If you look at changes they also provide a nice cleanup of how we
handle these different memory areas in a module. This change has been
in linux-next since before the merge window opened for v6.3 so to
provide more than a full kernel cycle of testing. It's a good thing as
quite a bit of fixes have been found for it.
Jason Baron then made dynamic debug a first class citizen module user
by using module notifier callbacks to allocate / remove module
specific dynamic debug information.
Nick Alcock has done quite a bit of work cross-tree to remove module
license tags from things which cannot possibly be module at my request
so to:
a) help him with his longer term tooling goals which require a
deterministic evaluation if a piece a symbol code could ever be
part of a module or not. But quite recently it is has been made
clear that tooling is not the only one that would benefit.
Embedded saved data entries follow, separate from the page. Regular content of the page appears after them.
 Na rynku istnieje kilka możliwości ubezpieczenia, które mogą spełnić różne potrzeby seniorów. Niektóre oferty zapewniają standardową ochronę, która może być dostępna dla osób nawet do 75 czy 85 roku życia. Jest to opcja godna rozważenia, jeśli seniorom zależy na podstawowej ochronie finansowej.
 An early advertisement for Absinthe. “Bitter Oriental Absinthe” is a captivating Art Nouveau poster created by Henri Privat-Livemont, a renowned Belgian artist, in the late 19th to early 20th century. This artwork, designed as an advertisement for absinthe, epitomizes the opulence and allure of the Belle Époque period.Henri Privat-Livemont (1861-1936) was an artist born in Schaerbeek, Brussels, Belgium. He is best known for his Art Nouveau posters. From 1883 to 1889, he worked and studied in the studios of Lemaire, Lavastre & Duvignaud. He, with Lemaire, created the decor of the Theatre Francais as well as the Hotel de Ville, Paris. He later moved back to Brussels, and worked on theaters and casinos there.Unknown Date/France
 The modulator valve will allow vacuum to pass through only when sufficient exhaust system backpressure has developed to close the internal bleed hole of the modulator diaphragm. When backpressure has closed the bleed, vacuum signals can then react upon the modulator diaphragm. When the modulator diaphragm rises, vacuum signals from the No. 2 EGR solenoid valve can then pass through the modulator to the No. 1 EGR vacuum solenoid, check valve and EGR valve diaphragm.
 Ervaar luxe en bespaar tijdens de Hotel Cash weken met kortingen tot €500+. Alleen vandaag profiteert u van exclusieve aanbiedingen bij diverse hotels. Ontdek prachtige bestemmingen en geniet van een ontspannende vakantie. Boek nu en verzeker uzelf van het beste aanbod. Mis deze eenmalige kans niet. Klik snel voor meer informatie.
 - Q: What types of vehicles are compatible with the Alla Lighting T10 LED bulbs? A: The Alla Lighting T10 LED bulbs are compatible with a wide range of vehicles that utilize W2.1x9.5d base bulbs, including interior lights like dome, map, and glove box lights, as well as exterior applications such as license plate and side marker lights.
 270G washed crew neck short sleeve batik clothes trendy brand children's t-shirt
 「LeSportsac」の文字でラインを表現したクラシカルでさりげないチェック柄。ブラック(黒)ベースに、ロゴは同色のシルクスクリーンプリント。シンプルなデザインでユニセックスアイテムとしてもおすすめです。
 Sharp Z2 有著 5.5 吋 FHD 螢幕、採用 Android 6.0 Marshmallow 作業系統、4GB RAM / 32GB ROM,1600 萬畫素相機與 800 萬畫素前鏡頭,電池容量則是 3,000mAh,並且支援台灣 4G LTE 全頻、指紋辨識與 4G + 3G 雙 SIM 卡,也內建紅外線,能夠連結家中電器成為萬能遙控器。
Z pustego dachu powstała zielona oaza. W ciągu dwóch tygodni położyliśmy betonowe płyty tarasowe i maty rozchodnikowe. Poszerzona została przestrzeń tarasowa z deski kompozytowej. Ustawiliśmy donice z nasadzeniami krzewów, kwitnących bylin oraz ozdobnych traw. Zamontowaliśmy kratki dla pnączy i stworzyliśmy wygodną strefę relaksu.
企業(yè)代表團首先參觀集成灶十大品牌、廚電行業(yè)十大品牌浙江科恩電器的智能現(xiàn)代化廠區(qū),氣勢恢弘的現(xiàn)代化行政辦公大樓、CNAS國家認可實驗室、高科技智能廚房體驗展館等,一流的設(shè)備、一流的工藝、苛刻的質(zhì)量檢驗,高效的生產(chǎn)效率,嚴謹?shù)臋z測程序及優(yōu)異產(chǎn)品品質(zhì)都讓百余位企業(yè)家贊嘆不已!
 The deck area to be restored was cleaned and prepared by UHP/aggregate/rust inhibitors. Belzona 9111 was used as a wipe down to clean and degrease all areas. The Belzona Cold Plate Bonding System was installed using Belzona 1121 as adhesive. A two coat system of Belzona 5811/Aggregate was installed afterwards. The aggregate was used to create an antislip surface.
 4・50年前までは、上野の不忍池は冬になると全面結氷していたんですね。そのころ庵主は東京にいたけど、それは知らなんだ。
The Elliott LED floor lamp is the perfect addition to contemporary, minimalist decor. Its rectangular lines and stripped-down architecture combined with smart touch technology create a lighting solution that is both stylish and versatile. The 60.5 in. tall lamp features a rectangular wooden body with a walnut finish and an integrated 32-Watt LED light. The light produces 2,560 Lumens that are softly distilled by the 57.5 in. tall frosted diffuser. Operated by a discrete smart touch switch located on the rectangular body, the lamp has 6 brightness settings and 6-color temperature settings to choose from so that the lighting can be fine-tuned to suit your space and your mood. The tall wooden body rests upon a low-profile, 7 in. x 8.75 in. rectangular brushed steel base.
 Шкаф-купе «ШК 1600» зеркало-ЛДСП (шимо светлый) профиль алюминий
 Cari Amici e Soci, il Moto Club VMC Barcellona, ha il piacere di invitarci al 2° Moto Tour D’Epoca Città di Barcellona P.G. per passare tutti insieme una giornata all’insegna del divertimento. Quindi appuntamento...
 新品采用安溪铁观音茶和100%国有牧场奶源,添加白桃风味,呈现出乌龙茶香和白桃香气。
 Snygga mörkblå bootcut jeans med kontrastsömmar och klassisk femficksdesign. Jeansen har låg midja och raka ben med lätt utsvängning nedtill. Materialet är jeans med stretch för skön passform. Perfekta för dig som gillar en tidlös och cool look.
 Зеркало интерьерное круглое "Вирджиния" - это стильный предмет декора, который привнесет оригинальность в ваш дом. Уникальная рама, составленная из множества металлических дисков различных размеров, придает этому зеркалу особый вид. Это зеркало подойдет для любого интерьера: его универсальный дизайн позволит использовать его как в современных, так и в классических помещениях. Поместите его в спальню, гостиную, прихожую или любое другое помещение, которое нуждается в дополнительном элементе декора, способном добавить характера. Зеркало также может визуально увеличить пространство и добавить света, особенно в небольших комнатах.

Disambiguating symbols also helps efforts such as live patching,
kprobes and BPF, but for other reasons and R&D on this area is
active with no clear solution in sight.
b) help us inch closer to the now generally accepted long term goal
of automating all the MODULE_LICENSE() tags from SPDX license tags
In so far as a) is concerned, although module license tags are a no-op
for non-modules, tools which would want create a mapping of possible
modules can only rely on the module license tag after the commit
8b41fc4454 ("kbuild: create modules.builtin without
Makefile.modbuiltin or tristate.conf").
Nick has been working on this *for years* and AFAICT I was the only
one to suggest two alternatives to this approach for tooling. The
complexity in one of my suggested approaches lies in that we'd need a
possible-obj-m and a could-be-module which would check if the object
being built is part of any kconfig build which could ever lead to it
being part of a module, and if so define a new define
-DPOSSIBLE_MODULE [0].
A more obvious yet theoretical approach I've suggested would be to
have a tristate in kconfig imply the same new -DPOSSIBLE_MODULE as
well but that means getting kconfig symbol names mapping to modules
always, and I don't think that's the case today. I am not aware of
Nick or anyone exploring either of these options. Quite recently Josh
Poimboeuf has pointed out that live patching, kprobes and BPF would
benefit from resolving some part of the disambiguation as well but for
other reasons. The function granularity KASLR (fgkaslr) patches were
mentioned but Joe Lawrence has clarified this effort has been dropped
with no clear solution in sight [1].
In the meantime removing module license tags from code which could
never be modules is welcomed for both objectives mentioned above. Some
developers have also welcomed these changes as it has helped clarify
when a module was never possible and they forgot to clean this up, and
so you'll see quite a bit of Nick's patches in other pull requests for
this merge window. I just picked up the stragglers after rc3. LWN has
good coverage on the motivation behind this work [2] and the typical
cross-tree issues he ran into along the way. The only concrete blocker
issue he ran into was that we should not remove the MODULE_LICENSE()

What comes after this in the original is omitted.